Super Duper Close Up | trailer from Made In China on Vimeo.

Razor-sharp innovators Made In China make an eagerly anticipated return following the “breathtakingly subversive” ★★★★ Double Double Act (Time Out), “murderously entertaining” ★★★★ Tonight I’m Gonna Be The New Me (The Guardian) and “marvellously unusual” ★★★★ Gym Party (The Times).

Here, co-Director Jess Latowicki shares thoughts on the making of Super Dupa Close Up.
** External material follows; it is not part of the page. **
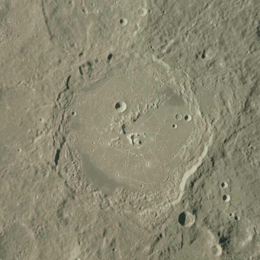 Humboldt crater, on the moon. Rotated so that north is at top and cropped, and brightness and contrast adjusted slightly.

As we are nearing the end of the process of making Super Duper Close Up (EEK!) I’ve been trying to remember exactly the moment I was like ‘LET’S MAKE THIS THING, AND THIS IS WHAT IT WILL DEFINITELY BE ABOUT’. But I’ve been finding it sort of impossible. The show is a kind of furious distillation of the last 3-years of my life, it’s also complex and very wide-ranging. Its cross-hairs are undeniably focused on my experience as a woman now: half-waving, half-drowning amidst a glittering sea of beauty vlogs, glamour selfies, frozen pouts and desperate smiles. As the script comically testifies, I did a lot of googling. A lot of scrolling. But I also wrote and wrote and wrote, wild fantasies and close-to-the-bone autobiography and everything in between. I met academics to talk about the radicalization of young girls, I met plastic surgeons, I visited a medical research facility exploring sleep disorders. And I thought about family, inherited trauma, learnt behavior, self-improvement, my own anxiety.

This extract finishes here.